Luthfi juga menyampaikan bahwa pembangunan di Jawa Tengah terus berkembang dan provinsi itu kini menjadi daya tarik investasi dari berbagai daerah di dalam maupun luar negeri.
Kolaborasi Budaya Jadi Simbol Persatuan Bangsa
Ketua Umum Paguyuban Jawa Tengah, Leles Sudarmanto, menjelaskan bahwa wayang kulit sengaja dipilih karena merupakan produk budaya yang menjadi aset negara Indonesia. Pelestariannya dinilai penting bagi seluruh masyarakat, terutama generasi muda.
"Harmoni Budaya ini adalah kolaborasi seni budaya antara wong Jawa dan Betawi. Maka dari itu kita terus upayakan karena gubernur DKI Jakarta bersama Gubernur Jawa Tengah juga kolaborasi. Hal-hal seperti ini penting sekali, Republik Indonesia ini perlu kolaborasi untuk menyamakan persepsi melalui budaya," ujarnya.

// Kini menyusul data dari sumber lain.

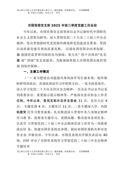 / 【七哥公文】2025年:市国资委党支部2025年前三季度党建工作总结+更多免费公文+VX:QiGeGongWen2024

Acara ini juga dihadiri Gubernur DKI Jakarta periode 1997-2007 Sutiyoso (Bang Yos), Duta Besar Palestina untuk Indonesia Abdulfattah AK Al-Sattiri, Duta Besar Bahrain untuk Indonesia Ahmed Abdulla AlHajeri, serta sejumlah tokoh lainnya. Kehadiran para tokoh tersebut menunjukkan bahwa diplomasi budaya dapat menjadi jembatan antar daerah dan negara.